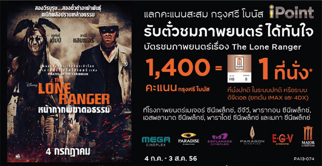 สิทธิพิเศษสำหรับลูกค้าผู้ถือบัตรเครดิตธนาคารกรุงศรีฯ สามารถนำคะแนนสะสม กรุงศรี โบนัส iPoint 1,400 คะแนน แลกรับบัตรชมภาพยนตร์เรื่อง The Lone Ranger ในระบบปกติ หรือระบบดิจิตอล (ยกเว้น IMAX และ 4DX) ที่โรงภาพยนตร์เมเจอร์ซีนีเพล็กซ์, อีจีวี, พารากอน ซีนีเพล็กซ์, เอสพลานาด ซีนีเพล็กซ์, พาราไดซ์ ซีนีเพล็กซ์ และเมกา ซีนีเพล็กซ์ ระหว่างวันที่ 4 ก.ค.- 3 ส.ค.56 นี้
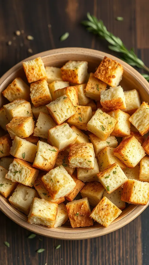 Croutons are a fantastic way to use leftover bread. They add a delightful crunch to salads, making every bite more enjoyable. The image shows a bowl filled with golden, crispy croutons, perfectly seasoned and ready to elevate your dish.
* * *
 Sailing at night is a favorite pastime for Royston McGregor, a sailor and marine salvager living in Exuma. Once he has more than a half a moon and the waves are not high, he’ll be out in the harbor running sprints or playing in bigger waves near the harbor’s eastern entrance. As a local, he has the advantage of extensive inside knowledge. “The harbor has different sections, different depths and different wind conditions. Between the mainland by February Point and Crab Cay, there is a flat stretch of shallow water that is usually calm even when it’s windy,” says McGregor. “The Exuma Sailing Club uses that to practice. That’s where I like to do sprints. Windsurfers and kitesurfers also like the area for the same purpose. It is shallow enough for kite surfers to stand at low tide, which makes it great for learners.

WORK INSTRUCTIONS: Between and including the line above that contains "3 ส.ค.56 นี้" and the line that contains "Croutons are a", restate every line word for word. Pictures stay out.

RESPONSE:
 สิทธิพิเศษสำหรับลูกค้าผู้ถือบัตรเครดิตธนาคารกรุงศรีฯ สามารถนำคะแนนสะสม กรุงศรี โบนัส iPoint 1,400 คะแนน แลกรับบัตรชมภาพยนตร์เรื่อง The Lone Ranger ในระบบปกติ หรือระบบดิจิตอล (ยกเว้น IMAX และ 4DX) ที่โรงภาพยนตร์เมเจอร์ซีนีเพล็กซ์, อีจีวี, พารากอน ซีนีเพล็กซ์, เอสพลานาด ซีนีเพล็กซ์, พาราไดซ์ ซีนีเพล็กซ์ และเมกา ซีนีเพล็กซ์ ระหว่างวันที่ 4 ก.ค.- 3 ส.ค.56 นี้
 Croutons are a fantastic way to use leftover bread. They add a delightful crunch to salads, making every bite more enjoyable. The image shows a bowl filled with golden, crispy croutons, perfectly seasoned and ready to elevate your dish.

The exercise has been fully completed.